Depression 2.0 is over


One of my young relatives living on the Left Coast is into body art, much to her parents’ chagrin. It all started out innocently enough with a tiny tattoo on her ankle, I think. That led to a couple of extra piercings in her ears. Now in her mid-20s, about a third of her body is covered in ink.

I’d like to say that I’m completely neutral about this. But I’m not. Even though I very much like art I’ve never been attracted to body art, at least for myself. I admit to having a natural aversion to it—not to mention the pain.

A lot of my reaction has to do with my upbringing. My parents weren’t much on tattoos, even though a couple of my uncles had small ones on their arms, remnants of their war experiences. My mother, especially, hated tattoos; she thought they were dirty. But she hated comic books too, and as a kid I loved them. So I can’t blame her. Ultimately, my real problem with body art is the fact that I don’t care for self-inflicted pain that much. If I want pain I can go outside and shovel the snow off the driveway.

So what is it about people who are willing to suffer the pain for body art? What motivates them? Is it fashion, or peer pressure or what?

I personally think the pain is part of the attraction. In a culture in which everything comes so easily, having to endure pain to achieve a result can be appealing. Pain makes us alive, just as much or even more than pleasure. We can all remember painful experiences from childhood very clearly; these experiences can last to the deathbed. Of course the most obvious reason for the attraction is to stand out. In a world with 6.5 billion people and average cities topping a million residents, and everyone publishing their lives on the Internet at the same time, it’s easy to get lost. So a pair of angel’s wings tattooed to one’s back kind of sets one apart.

Of course there are other ways to stand out. Having lots of children is one way. Angelina Jolie, for example, has both—tattoos and lots of kids. Both of these personal expressions represent rebellion against the unwritten rules of living in an overcrowded world.

All kinds of things happen in an overcrowded world. If we’re living in a Global Village, as Marshall McLuhan suggested, then we’re also subject to the kind of gossipy intrusion that village life brings, especially when we’re all hardwired to the media—and especially the Internet. We’ve all become neural extensions of the net, creating a vast collective human organism.

No where can this be seen more clearly than in the current financial crisis.

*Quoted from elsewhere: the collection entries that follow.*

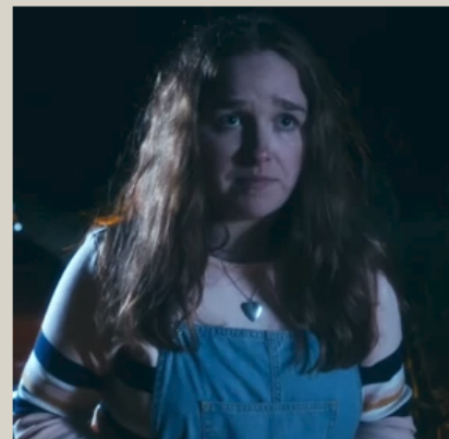
Tragic villainess Sophie

The vines suddenly disappeared, however, when Michelle (who had become alarmed by Sophie's screams) turned on the car headlights and revved the engine. But as Sophie headed back towards the car, a malevolent voice whispered to Sophie as she tucked the knife into her back pocket, hinting at her villainous transformation. When Sophie got back to her friends and Katy began to mock Sophie, the teen suddenly transformed into a demon, revealing that she had become possessed by the entity that attacked her. Sophie then proceeded to kill Katy by breaking her neck before using the knife to stab Michelle to death. After committing the murders, the possessed villainess got into the car and drove away.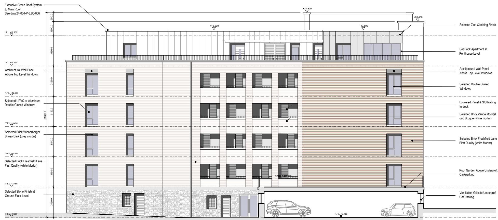
Apartment Block 05 - West Sectional Elevation Scale 1:200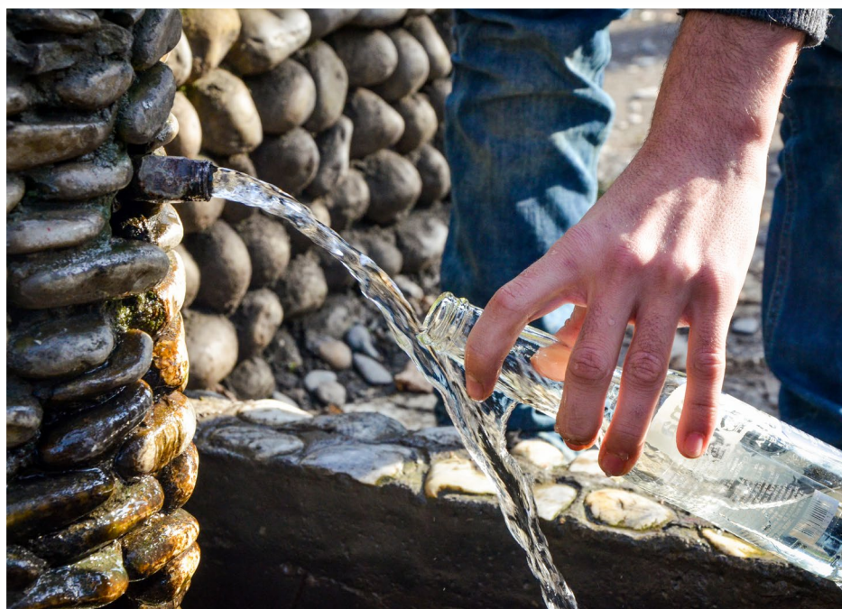
Water is collected from local drinking water points for testing. It may look clear this time, but it is important to know for certain that it is safe to drink.

After learning about staying healthy and protecting the environment through World Vision workshops, the next logical step for members of the youth Eco club in Kakheti, Georgia, was taking social action about their local water quality.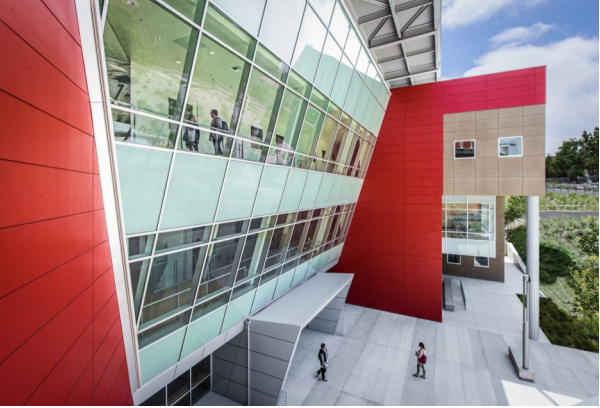
Saddleback College Interdisciplinary Science Center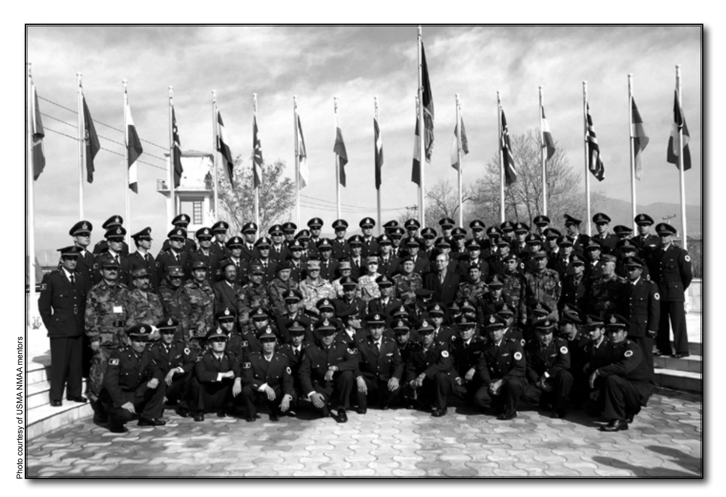
On 25 January 2009, the National Military Academy of Afghanistan graduated its inaugural class of 84 new lieutenants, with 64 joining the Afghan National Army and 20 joining the Afghan Air Corps. The academy, located in Kabul, has been continuously supported over the past four years by faculty mentors from the United States Military Academy at West Point and the United States Air Force Academy at Colorado Springs, augmented by active duty and reserve U.S. Soldiers and coalition units from around the world.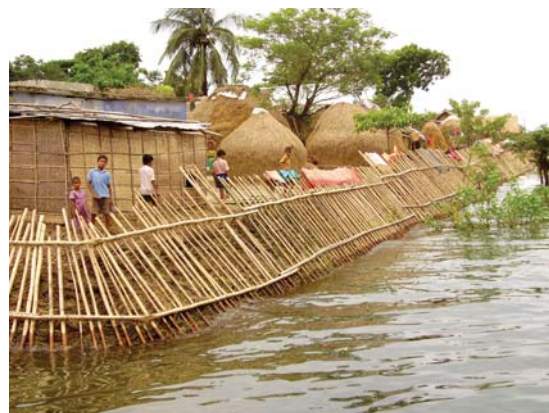
Community led initiatives-Protecting village from wave erosion, Sunamganj.

Some salient institutions and capacity building instruments created under CDMP-I include, among others: Climate Change Cell in the Department of Environment, National Risk Reduction Action Plan, Corporate Plan of Ministry of Food & Disaster Management, Strategic Risk Reduction Plans, Local Disaster Risk Reduction Plans, Standing Order on Disasters, Disaster Impact Risk Assessment, incorporating Risk Screening Tool in planning process and enhancement of community coping mechanisms. The country has launched CDMP-II in 2011, which has integrated climate risk management (CRM) in the disaster risk reduction (DRR) process.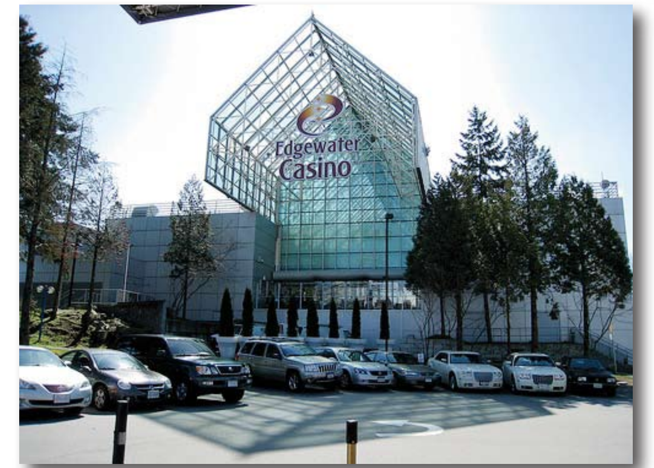
The Edgewater Casino at Plaza of Nations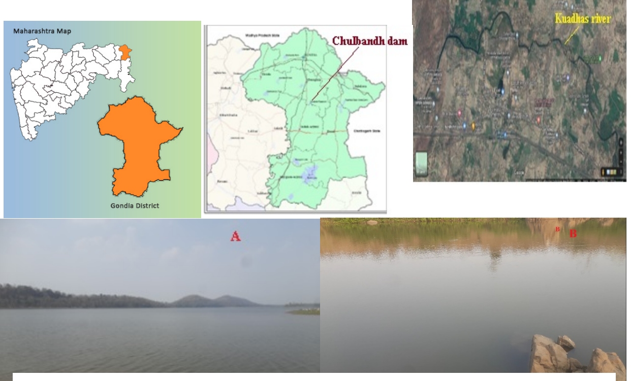
Figure 1: Location of study area (A) Chulbandh dam (B) Kuadhas river of Gondia district Maharashtra India.

The dam's attractive feature is the rain-fed water within the verdant hills' catchment. It is located 21.2288407<sup>0</sup> N and 80.2235413<sup>0</sup> E. A subtributary of Bagh, the Kuadhas river rises in the Darekasa mountains and runs through the district.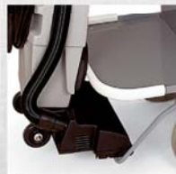
Model H1179 Under-deck vacuum bracket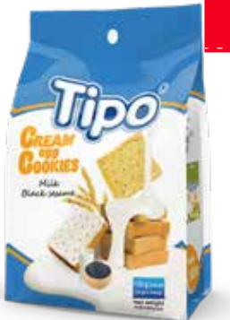
BÁNH TRỨNG KEM SỮA MÈ ĐEN TIPO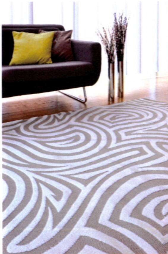
Stunning Designer Rugs. Make your room a work of art. Chinese Acrylic. Ref. NCY008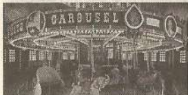
The Empire State Carousel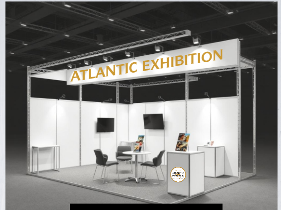
15 sqm Shell Scheme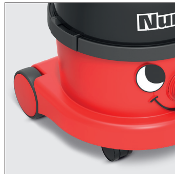
Heavy-duty Tough Bumper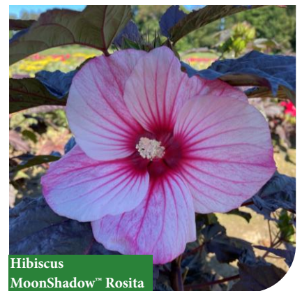
Hibiscus MoonShadow™ Rosita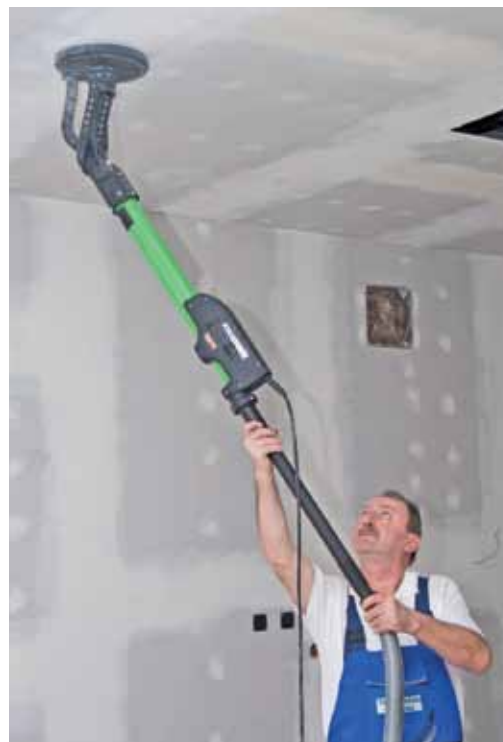
The ELS 225.1 drywall sander from CS Unitec has a 5.5-amp motor and extends up to nine feet. Its VacuGlide system grips the wall to make the tool feel 3.3 pounds lighter. It has a nine-inch sanding disc.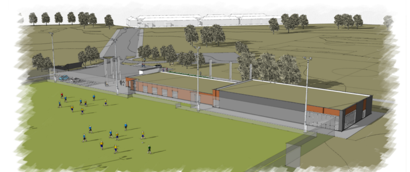
VIEW F - AERIAL VIEW FROM WEST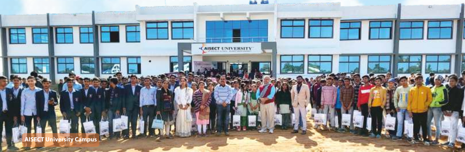
AISECT University Campus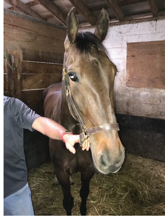
Its Mv Check GB

Portrstownchris IR has taken a little longer to get up to speed. "He has had a big break since the last he worked so he took a little longer to get with the program. As he has come along, he is very willing and wants to roll on."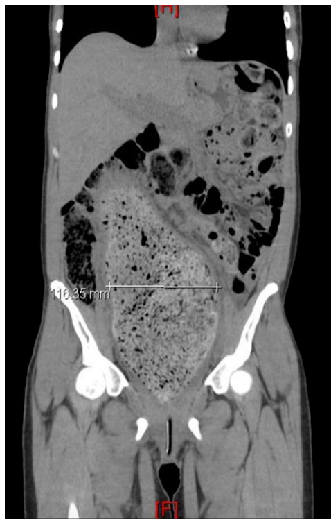
Image 3. Computed tomography of the abdomen in the coronal plane demonstrating a colonic diameter of 116.35 mm at the level of the pelvic brim.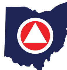
STATE DEFENSE FORCE

It began, if you can remember that far back, in the winter of 2007 some folks in the media were suggesting that the housing bubble might burst. But no one was even talking about recession at that point, even though the current 20-20 hindsight media is now saying that the “depression” started then. But back in late 2007, no one in mainstream media was actually saying that. Somehow, since early in 2008, we’ve all started believing that the economy is going in the tank—and sure enough, so it is.

Of course it’s too easy to blame the financial meltdown on the media. They’re just reporting the facts, aren’t they? Sure. In the same way they didn’t report the unpleasant facts about the rush to war in Iraq (incidentals such as the fact that Iraq wasn’t involved in ramming the twin towers, or that Saddam didn’t have weapons of mass destruction), and have just recently come to excoriate themselves for that little failing. So there are two things that we can conclude here.

The first is that the media is completely influenced by the political leadership of the day. The second is that the media is a colluding partner in inflating the news—as supplied by the leadership. In other words, the bigger the story the bigger the ratings or viewings. And the more important the story to the leadership, the more that story is propagated and inflated.

What that really means is this. No one in the media is actually motivated to stop inflating this current story about the second coming of the Great Depression. Because, damn, everyone is paying attention. This story makes everyone sit up and take notice.

Now the self-fulfilling prophecy is coming true. Over 8% of the US workforce is unemployed. Consumer confidence is at a 25-year low. Housing sales have slumped. Runaway, bottomless deflation is the new feared economic enemy.

But the underlying fact is clear. We were just bored. With just a few speedbumps we’ve had 40 years of endless shopping in endless malls, and now we’re tired. It’s not as if anyone consciously said, “Gee, let’s have a Great Depression. That’ll wake everyone up.”

The global economy is simply the greatest trust–confidence game we humans have ever invented. Since it’s all based on trust and confidence—our currency, the stock markets, the value of our homes and cars—it’s all based on belief. What we believe now shapes the course of economics—and current events.

Since it all comes down to what we believe, it comes down to the information with which we feed our beliefs. So it does all come down to the media. Nothing else has changed.

We still need to keep the lights on in our houses, and food on the table, and teachers instructing our kids, and nurses working in hospitals, and people collecting our garbage, and you know, all that goes on in life. As I said, nothing else has changed.

What we haven’t learned yet, as a collective organism, is how to curb our over-consumption and engage in more reflective activities. Instead, we go from flat-out boom to complete bust. Well, I want off that cycle. I’d rather take my pain in smaller doses, voluntarily.

So, I for one am declaring an end to this Great Depression. Any joiners?